Goal of the exercise
Write out the following listing's lines from the one with "Фотофакт: На здании" to the one with "A fantastical landscape", exactly, with both included and no others.
··· Dataset records
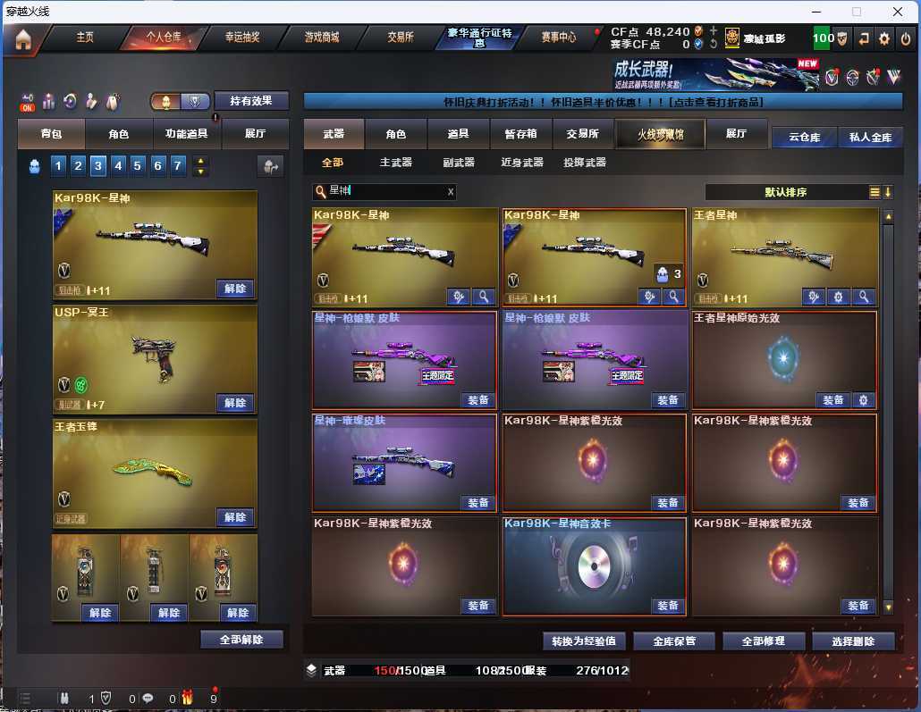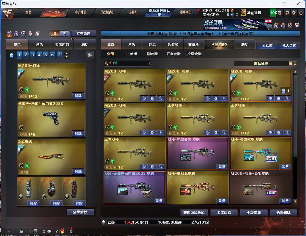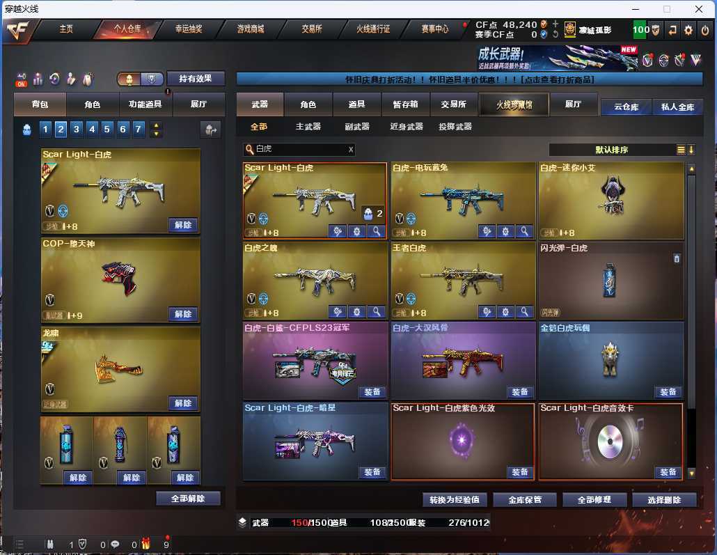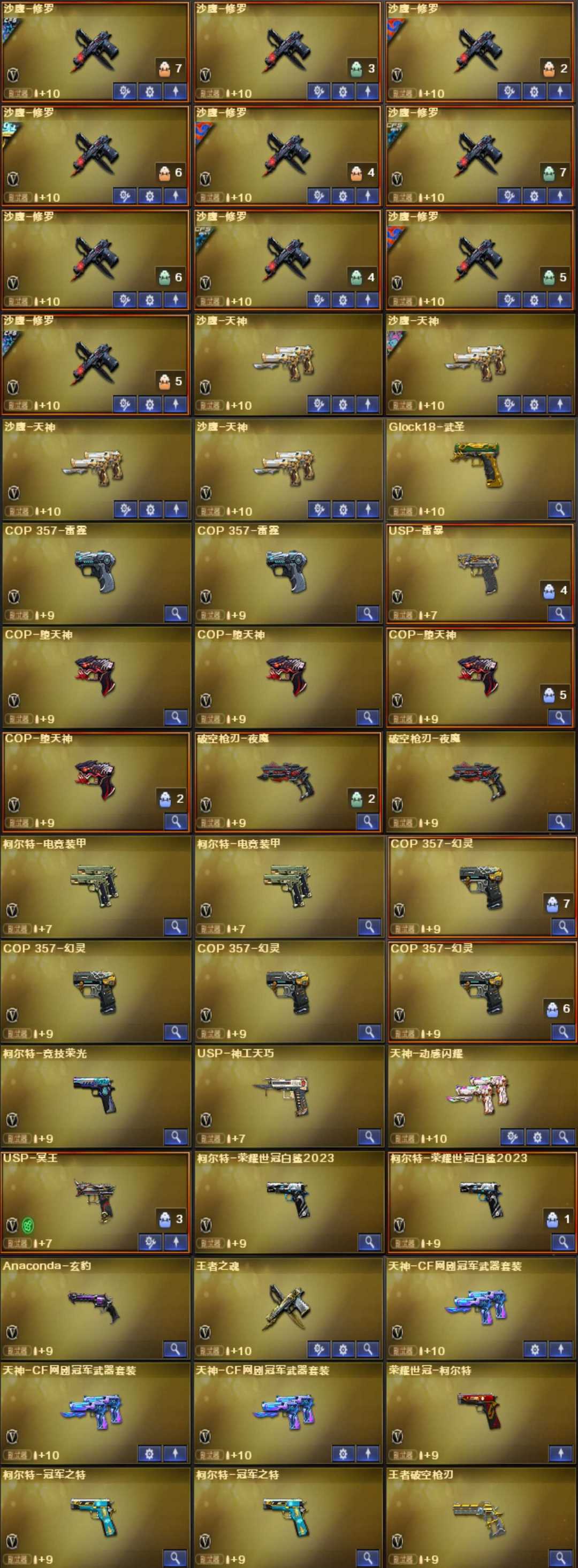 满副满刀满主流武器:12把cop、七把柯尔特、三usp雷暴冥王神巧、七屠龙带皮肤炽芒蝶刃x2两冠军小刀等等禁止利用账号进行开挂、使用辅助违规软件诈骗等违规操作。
······
··· Dataset records
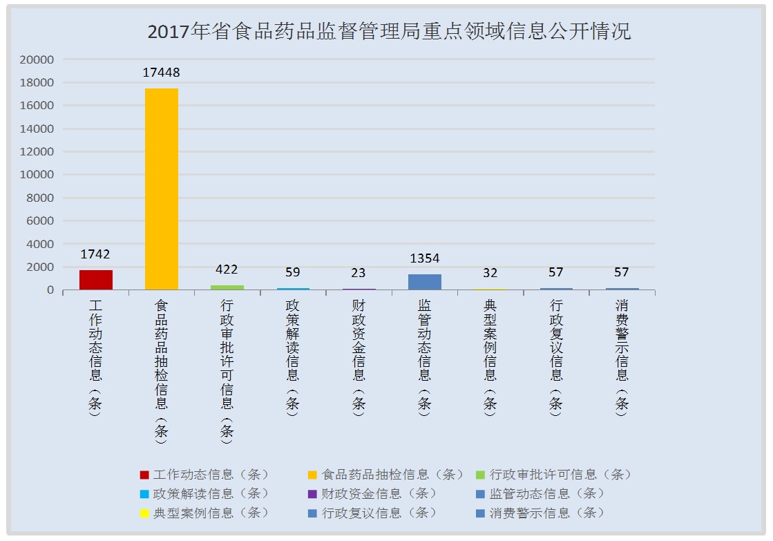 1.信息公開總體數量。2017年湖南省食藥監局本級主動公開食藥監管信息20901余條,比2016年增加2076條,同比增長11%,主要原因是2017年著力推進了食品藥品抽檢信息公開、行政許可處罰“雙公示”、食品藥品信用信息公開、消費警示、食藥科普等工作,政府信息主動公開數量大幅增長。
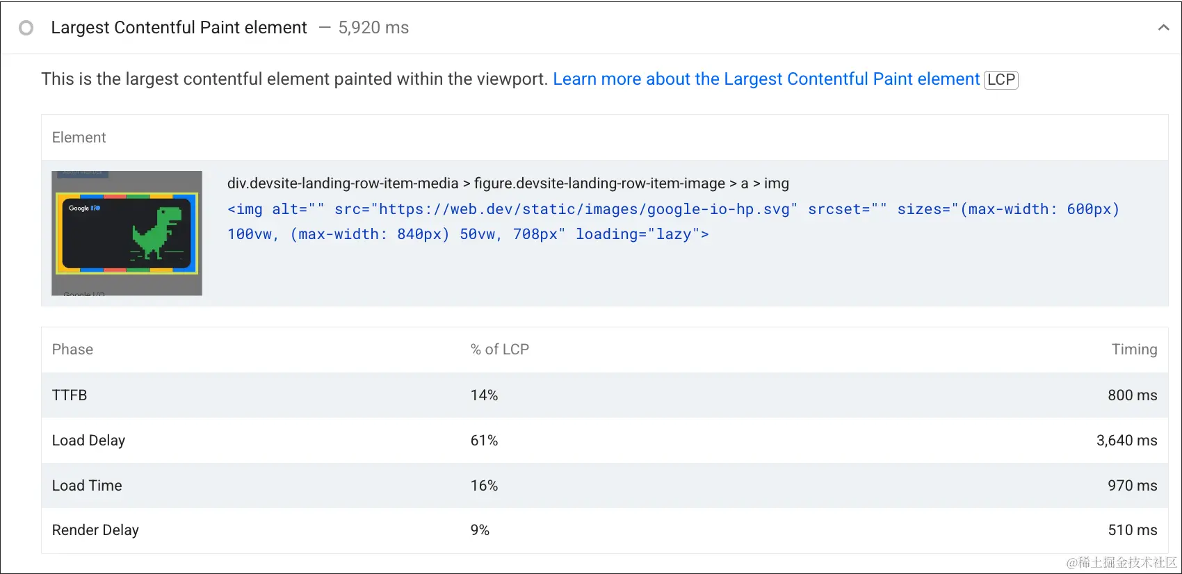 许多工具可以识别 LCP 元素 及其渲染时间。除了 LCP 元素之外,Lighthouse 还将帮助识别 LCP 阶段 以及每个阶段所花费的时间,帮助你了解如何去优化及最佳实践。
······
··· Dataset records
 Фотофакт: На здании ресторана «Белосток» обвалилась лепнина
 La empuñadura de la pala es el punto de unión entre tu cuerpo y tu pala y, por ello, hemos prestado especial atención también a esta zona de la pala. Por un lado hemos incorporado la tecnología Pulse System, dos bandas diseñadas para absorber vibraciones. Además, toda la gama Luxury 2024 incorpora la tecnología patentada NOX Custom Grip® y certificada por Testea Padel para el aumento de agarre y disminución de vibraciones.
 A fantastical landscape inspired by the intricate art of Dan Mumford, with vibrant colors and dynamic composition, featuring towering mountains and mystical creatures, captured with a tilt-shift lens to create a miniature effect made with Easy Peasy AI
······
Task solution
 Фотофакт: На здании ресторана «Белосток» обвалилась лепнина
 La empuñadura de la pala es el punto de unión entre tu cuerpo y tu pala y, por ello, hemos prestado especial atención también a esta zona de la pala. Por un lado hemos incorporado la tecnología Pulse System, dos bandas diseñadas para absorber vibraciones. Además, toda la gama Luxury 2024 incorpora la tecnología patentada NOX Custom Grip® y certificada por Testea Padel para el aumento de agarre y disminución de vibraciones.
 A fantastical landscape inspired by the intricate art of Dan Mumford, with vibrant colors and dynamic composition, featuring towering mountains and mystical creatures, captured with a tilt-shift lens to create a miniature effect made with Easy Peasy AI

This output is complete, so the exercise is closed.